«Оставь меня хоть ненадолго в покое, ты только еще больше все портишь», – сказала она и отключила связь.
Еще больше? Еще больше испортить можно только то, что и так уже испорчено.
Он позвонил снова. Хотел спросить, что испорчено и насколько. Но Мари не ответила. И позднее тоже. Весь вчерашний вечер и весь нынешний день он не мог с нею связаться.
Пытался не думать о ней, но перед глазами снова и снова возникали картины: Мари в объятиях незнакомца. В постели с феноменальным любовником. В «Волюме» с ловким танцором. В «Эскине» с Ральфом Грандом.
Позвонив ее матери, он услышал, что Мари, наверно, наконец-то заметила, что он ей не пара.
Позвонил Тобиасу, хозяину «Эскины», тот сказал: да, вчера она заходила, и если зайдет нынче, он передаст ей, что Давид звонил. И поставит ей бутылку кавы за счет Давида.
Ночь выдалась холодная, непроглядно-черная. Пешеходная зона была безлюдна, только какой-то бездомный, сидя со свечкой в подворотне на разломанном картонном ящике, приветливо с ними поздоровался. Они ответили и пошли дальше. Через несколько шагов Давид вдруг повернул обратно и дал ему десять евро.
– Это на счастье, – заметила Карин Колер.
Счастье Давиду очень бы пригодилось.
Возле гостиницы Карин предложила выпить еще по глоточку. Давид с радостью согласился – ему не хотелось сидеть одному.
Ресторан уже закрылся, однако ночной портье, отзывчивый поляк, снял стулья с одного столика и принес две бутылки пива.
– Как дела, Давид? – спросила Карин.
– Хорошо.
– Я имею в виду – на самом деле.
– Почему вы спрашиваете?
– Потому что вы плакали во время чтения.
– Вы заметили?
Карин улыбнулась.
– Все заметили.
Давид отхлебнул большой глоток.
– Что-то с Мари? – осторожно спросила Карин.
До трех часов Давид подробно рассказывал о Мари и о себе. О событиях последних недель, о своих чувствах, догадках, надеждах, сомнениях. И о своих страхах за них обоих.
Когда она наконец уговорила его пойти спать, на столике стояли девять пустых бутылок. Большую часть выпил Давид.

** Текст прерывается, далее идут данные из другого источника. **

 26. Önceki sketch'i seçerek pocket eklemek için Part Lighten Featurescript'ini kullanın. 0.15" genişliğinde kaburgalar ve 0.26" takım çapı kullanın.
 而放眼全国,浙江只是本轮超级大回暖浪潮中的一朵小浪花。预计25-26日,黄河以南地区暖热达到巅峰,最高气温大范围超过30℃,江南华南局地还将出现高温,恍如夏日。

Возле лифта Давид предложил:
– Может, перейдем на «ты»? Глупо как-то – называть по имени, но выкать.
– Покойной ночи тебе, приятных снов. – Карин подала ему руку. Давид трижды чмокнул ее в обе щеки и проводил глазами, когда она шла к выходу.

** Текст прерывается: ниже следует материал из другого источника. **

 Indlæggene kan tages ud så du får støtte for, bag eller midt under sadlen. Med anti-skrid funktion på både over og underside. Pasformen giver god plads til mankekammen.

– Послушай! – вдруг окликнул он.
Она остановилась, оглянулась.
– Джекки парализован. Полностью.
– Я знаю.
– Пожалуй, мне нужен новый агент.
Попала она сюда благодаря Сабрине, единственному человеку, которому рассказала, как они с Давидом отдаляются друг от друга. Вернее, она от него. Как он становится все более чужим. Как позволяет всем собой манипулировать – издательству, устроителям чтений, агенту (даже теперь) и ей самой. Как, сам того не желая, действует ей на нервы. И как она корит себя за это.
Сабрина знала эти симптомы.
«Ты больше не влюблена, поэтому смотришь на него трезвее, и он тебя раздражает. Это нормально. И незачем себя корить».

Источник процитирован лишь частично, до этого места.